**WHAT TO WORK ON**
Lower down are entries containing pictures. Copy exactly, without those pictures, the lines from the line with "LBT (30W) Single" through the line with "The main background".

**STUDY MATERIAL**
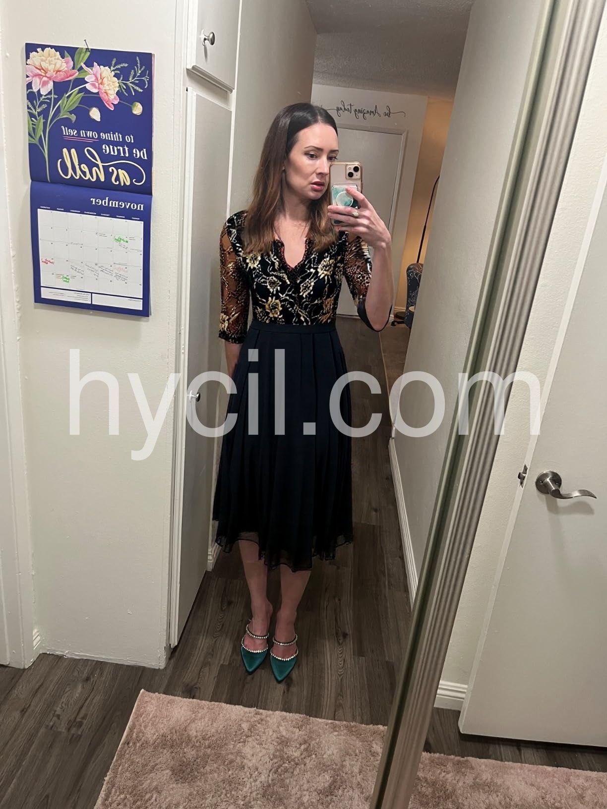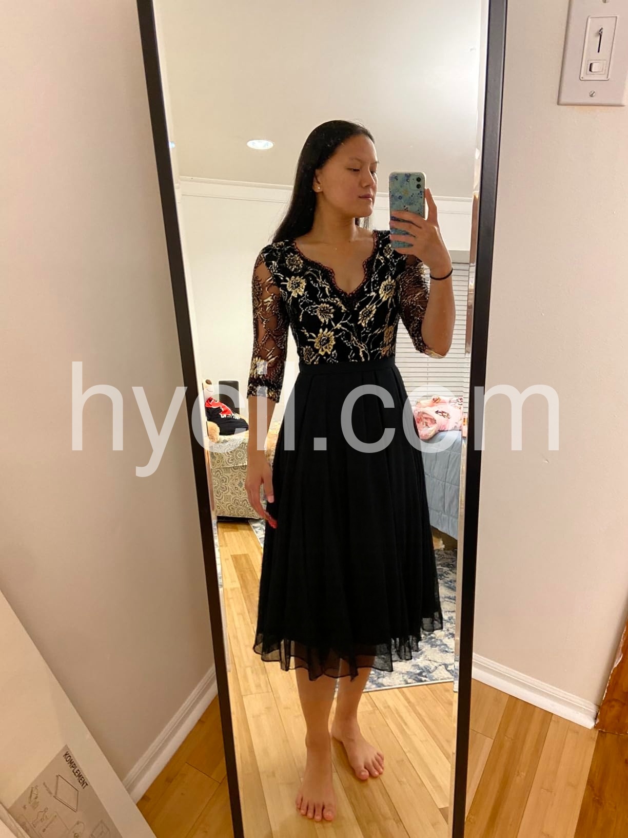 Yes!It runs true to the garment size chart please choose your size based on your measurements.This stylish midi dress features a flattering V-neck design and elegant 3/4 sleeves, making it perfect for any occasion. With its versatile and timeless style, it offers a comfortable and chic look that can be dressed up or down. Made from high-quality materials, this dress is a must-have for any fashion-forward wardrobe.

--

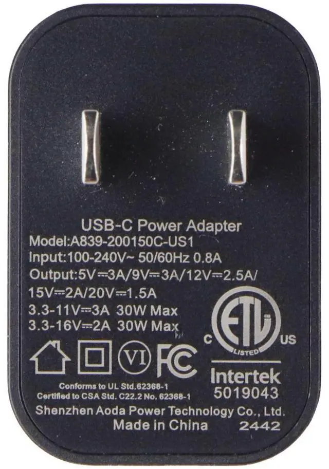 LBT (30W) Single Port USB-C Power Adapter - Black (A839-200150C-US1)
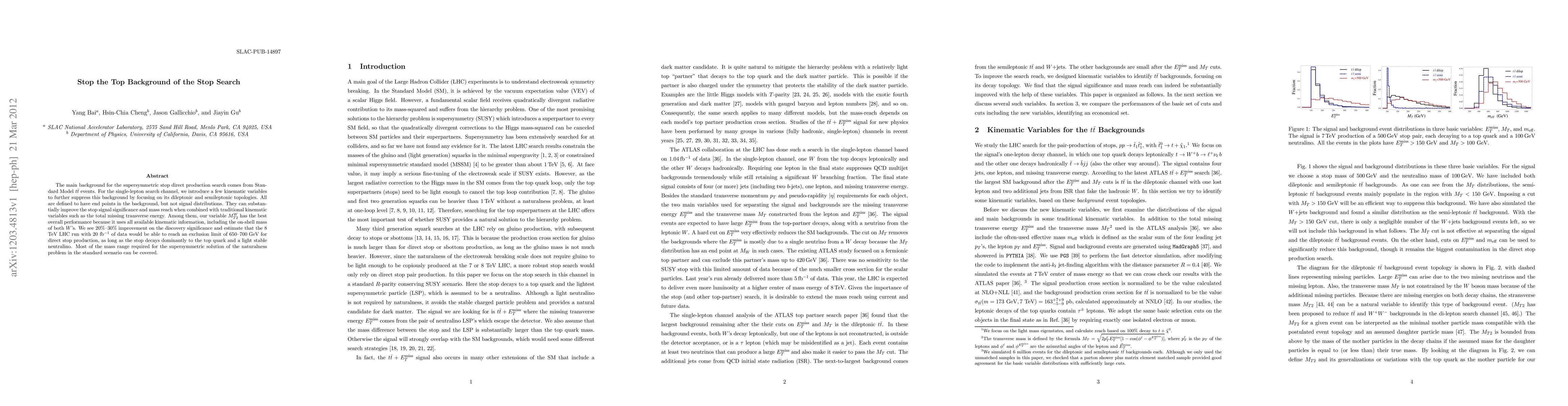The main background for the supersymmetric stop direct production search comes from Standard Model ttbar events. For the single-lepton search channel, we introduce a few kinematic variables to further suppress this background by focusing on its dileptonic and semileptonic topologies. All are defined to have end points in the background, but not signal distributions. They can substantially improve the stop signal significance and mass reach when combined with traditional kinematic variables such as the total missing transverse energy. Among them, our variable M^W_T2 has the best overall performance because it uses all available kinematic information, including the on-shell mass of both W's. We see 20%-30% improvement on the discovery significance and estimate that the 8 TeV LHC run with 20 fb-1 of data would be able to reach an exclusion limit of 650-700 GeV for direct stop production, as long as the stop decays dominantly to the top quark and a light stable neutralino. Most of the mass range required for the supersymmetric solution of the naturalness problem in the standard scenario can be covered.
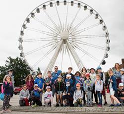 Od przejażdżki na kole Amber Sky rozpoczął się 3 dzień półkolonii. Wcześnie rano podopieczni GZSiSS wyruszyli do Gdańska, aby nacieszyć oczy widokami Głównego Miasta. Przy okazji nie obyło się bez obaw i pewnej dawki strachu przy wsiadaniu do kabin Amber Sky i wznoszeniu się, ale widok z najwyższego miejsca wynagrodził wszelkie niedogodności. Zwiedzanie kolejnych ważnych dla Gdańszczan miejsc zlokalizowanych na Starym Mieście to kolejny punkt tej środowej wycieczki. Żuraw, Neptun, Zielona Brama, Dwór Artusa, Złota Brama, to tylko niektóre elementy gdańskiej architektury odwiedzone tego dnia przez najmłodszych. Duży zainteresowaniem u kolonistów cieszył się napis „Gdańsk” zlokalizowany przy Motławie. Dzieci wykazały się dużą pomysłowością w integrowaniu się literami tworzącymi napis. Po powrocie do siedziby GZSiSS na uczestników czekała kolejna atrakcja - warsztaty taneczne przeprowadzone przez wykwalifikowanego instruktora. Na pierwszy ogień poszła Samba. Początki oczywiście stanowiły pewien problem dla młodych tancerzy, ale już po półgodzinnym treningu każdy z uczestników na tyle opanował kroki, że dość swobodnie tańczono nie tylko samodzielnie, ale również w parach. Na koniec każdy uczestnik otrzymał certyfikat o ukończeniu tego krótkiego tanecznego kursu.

**COMPLETED EXERCISE**
 LBT (30W) Single Port USB-C Power Adapter - Black (A839-200150C-US1)
The main background for the supersymmetric stop direct production search comes from Standard Model ttbar events. For the single-lepton search channel, we introduce a few kinematic variables to further suppress this background by focusing on its dileptonic and semileptonic topologies. All are defined to have end points in the background, but not signal distributions. They can substantially improve the stop signal significance and mass reach when combined with traditional kinematic variables such as the total missing transverse energy. Among them, our variable M^W_T2 has the best overall performance because it uses all available kinematic information, including the on-shell mass of both W's. We see 20%-30% improvement on the discovery significance and estimate that the 8 TeV LHC run with 20 fb-1 of data would be able to reach an exclusion limit of 650-700 GeV for direct stop production, as long as the stop decays dominantly to the top quark and a light stable neutralino. Most of the mass range required for the supersymmetric solution of the naturalness problem in the standard scenario can be covered.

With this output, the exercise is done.